I was away last weekend for work, and I’ll be away again this week. But I wasn’t packing for that trip yet.
No, I was going into the woods.
A friend picked me up and even as the blur of a migraine aura crossed my eyes, we headed south. My eyes closed. Letting the migraine wash over me. Letting the Excedrin wash over me.
I went into the woods because I needed it.
My favorite poem by Robert Frost is Build Soil: A Political Pastoral.
While I may not agree with Frost’s politics, I do agree with his metaphor. To build soil is to feed the earth. To turn the earth and mix it with compost, with air. To give it the breath and food of life that will make the soil rich and bountiful.
I went into the woods so that I could build soil.
There is a perception of selfishness around the act of withdrawal. Of discovering your campsite has no cell service and then letting your phone drain to dead on the dash while you wander in the woods. Of taking your dog and your friend and side stepping the world and going and for a night living a reality in which there is no one but you and the dog and the people you meet for fleeting moments.
How could waking up and opening your eyes and looking up to the stars be a selfish act?
How could walking the dog and eating breakfast in down parkas be a selfish act?
My favorite stanza in Build Soil is the last one, presented here. (The entire poem is here.)
Probably but you’re far too fast and strong
For my mind to keep working in your presence.
I can tell better after I get home,
Better a month from now when cutting posts
Or mending fence it all comes back to me
What I was thinking when you interrupted
My life-train logic. I agree with you
We’re too unseparate. And going home
From company means coming to our senses.
I do not go into the woods to live deliberately, although that may happen. I do not go into the woods to look at any one true life. Because there is no one true life and the best way to live deliberately is to live.
But I do go to build soil. To cultivate a space in me that is separate from you, separate from even the people I am with when I go into the woods.
And while I may reinforce the boundary line between me and you, I erase the line between me and this.
This?
This landscape. This earth. This path beneath my feet and this air that flows in gusts into my lungs.
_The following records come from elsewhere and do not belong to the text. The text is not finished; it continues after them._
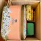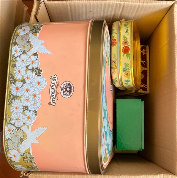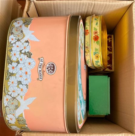Cartone contenente numerose scatole in latta di diverso decoro (difetti)
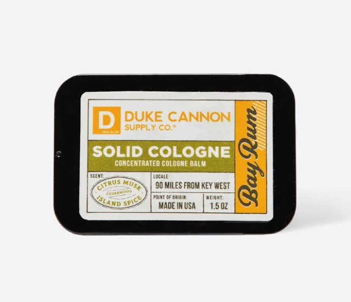 The Bay Rum Solid Cologne has notes of citrus musk, cedarwood, and island spices for a scent that smells like island life 90 miles from Key West, not the pervasive stench found in the east end of South Philadelphia.
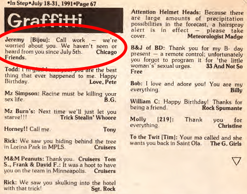 This is an In Step magazine, it is an almanac for all gay activities in Milwaukee (and surroundings). It includes drawings, articles, sex ads and, even, personal ads, which intrigued us so, we decided to cut-out the ads and read them, one by one. It did not take long to find a very curious and gruesome detail, on page 67, in a column of personal ads:
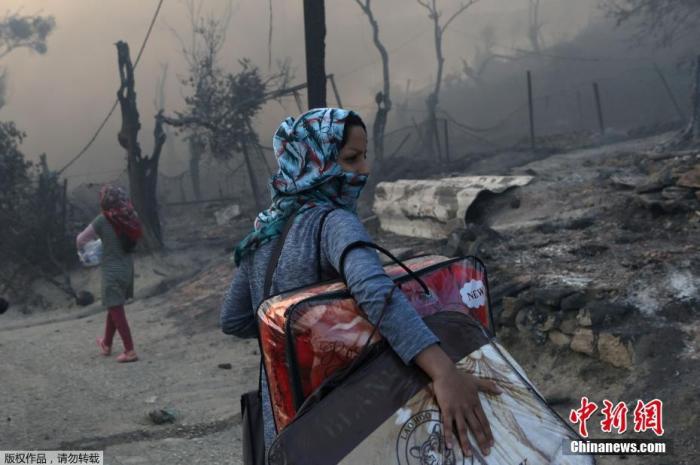 9月9日,希臘萊斯博斯島的莫里亞難民營發生大火後,一位移民帶着自己的物品離開難民營。Elias Marcou
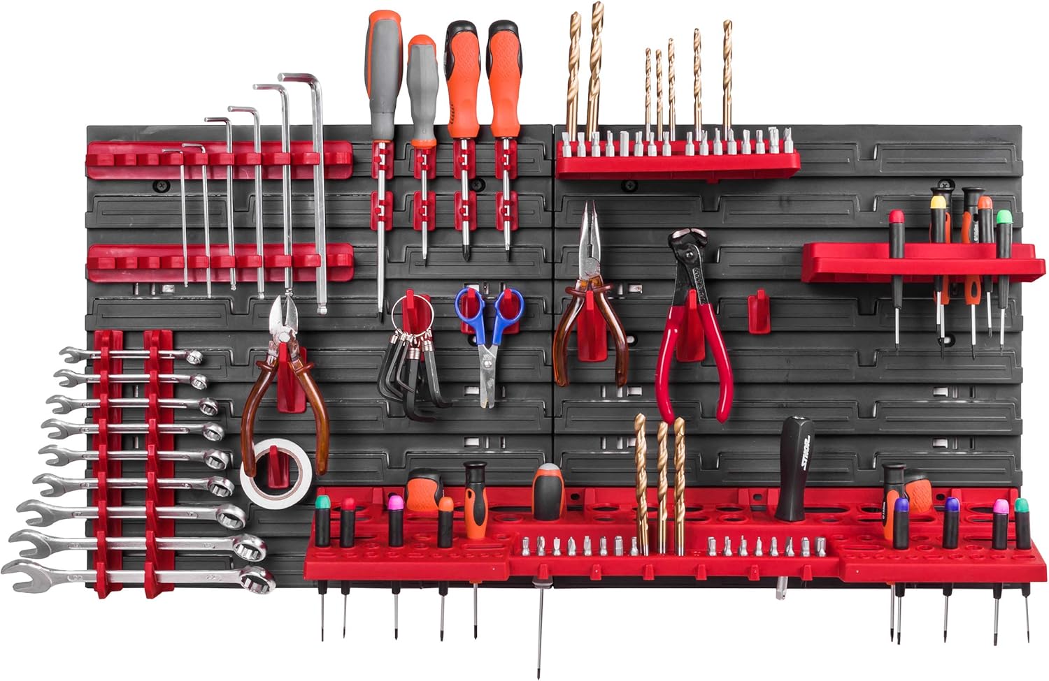 - Werkzeughalter : 1 x Schraubenschlüsselablage, 2 x Klemmleisten, 4 x Werkzeughaken M Klein, 4 x Werkzeughaken XXL Gross, 8 x Werkzeugklemme 1 x Bohrer - und Bithalterung Kunststoff rot Grösse: 190 x 111 x 32 mm 1x Schraubenzieherrhalterung Kunststoff

This rain as it fell and these clouds as they hovered and the rock flakes we traced with our palms. Glacial till.
In the soil metaphor, this is the organic matter. The compost, the half-chewed stalks of whatever was growing before.
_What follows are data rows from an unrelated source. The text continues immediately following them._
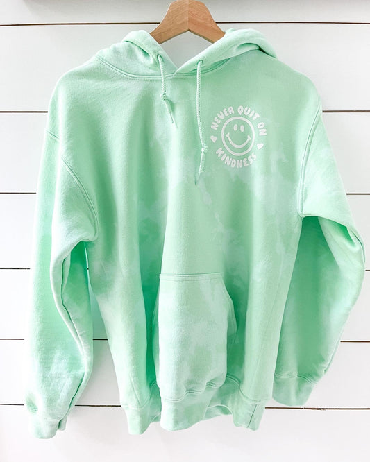 "Never Quit on Kindness" Hoodie | Green Dye Effect
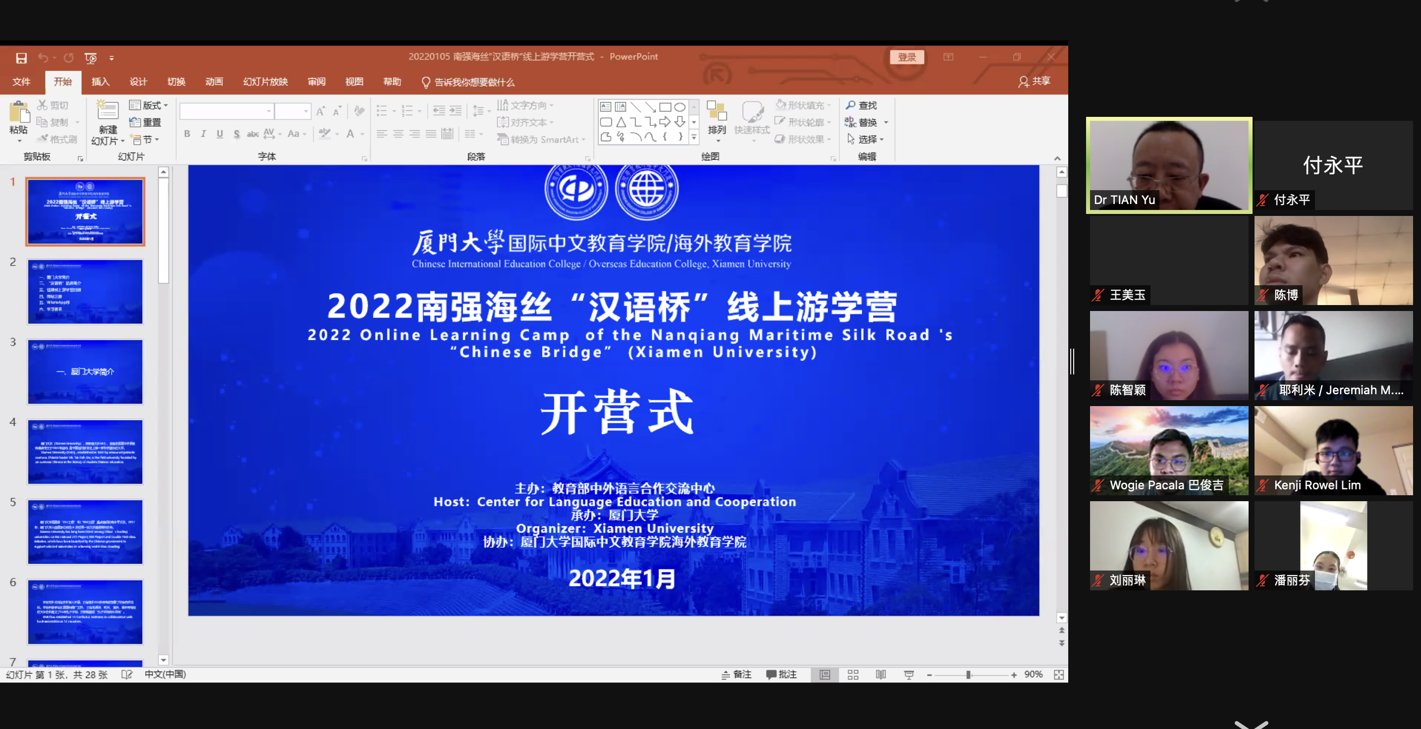 2022年1月5日上午,由教育部中外语言交流合作中心主办、厦门大学国际中文教育学院/海外教育学院承办的2022南强海丝“汉语桥”线上游学营顺利开营。开营仪式由厦门大学国际中文教育学院/海外教育学院田禹老师主持,在厦门大学国际中文教育学院/海外教育学院举行,来自菲律宾、泰国、土耳其等国学员齐聚云端,同游中国。
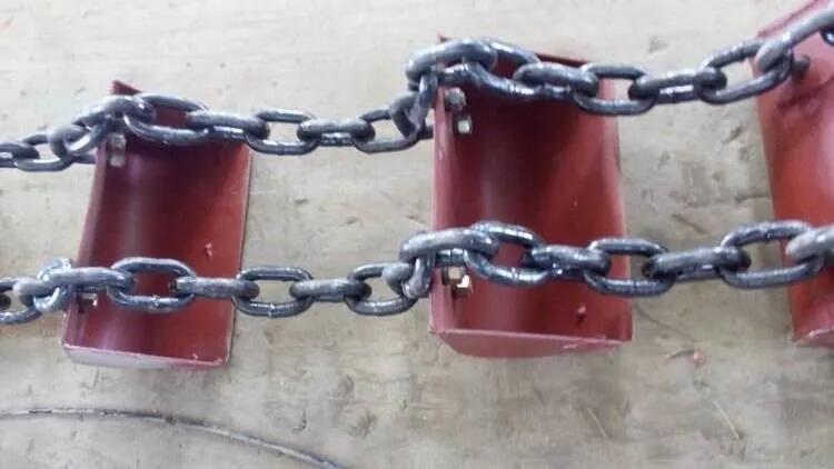 環鏈是較常用的一種牽引件,它的結構和制造比較簡單,與料料的鏈接也很牢固。但環鏈相互接觸處易磨損,降低鏈的強度,且運行不夠平穩。
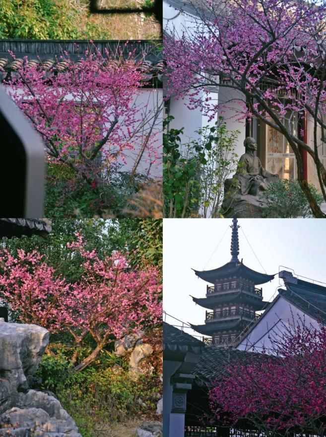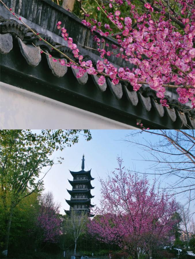 當(dāng)?shù)谝豢|春風(fēng)掠過(guò)萬(wàn)壽塔的檐角,青溪園的春天便蘇醒了。在古塔下,水園、塔園內(nèi),紅梅似火般艷麗,瓊花如雪般純潔,紅花檵木熱熱鬧鬧地綻放,棣棠花叢宛如燃起的明黃火焰。鏡云湖的假山疊瀑旁,迎春花和海棠花競(jìng)相盛開(kāi),熱鬧得如同趕集一般。風(fēng)一吹,花瓣紛紛飄落,落在游人的肩頭,也落在青石板路的縫隙里。
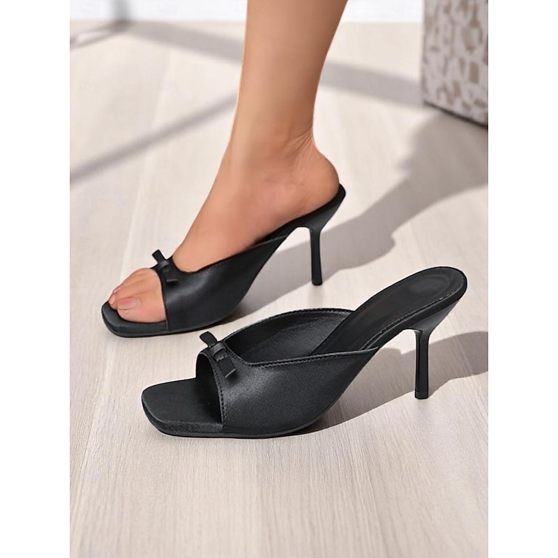 popular ! Women's Pink Satin Kitten Heel Mules with Bow Detail - Elegant Open-Toe Slip-On Heels for Romantic Daily Dates and Summer Outfits

(You are the rocks pulled by hand from the loam.)
This week, I leave my dog for five nights. I go back to the city a stone’s throw from where I grew up. I go back to an accent I know is under my skin and will never fully leave my throat.
So, I needed this. I needed the time away to come to my senses. To mark out the boundaries between me and you.
I went into the woods, in short, because I wished to come to my senses.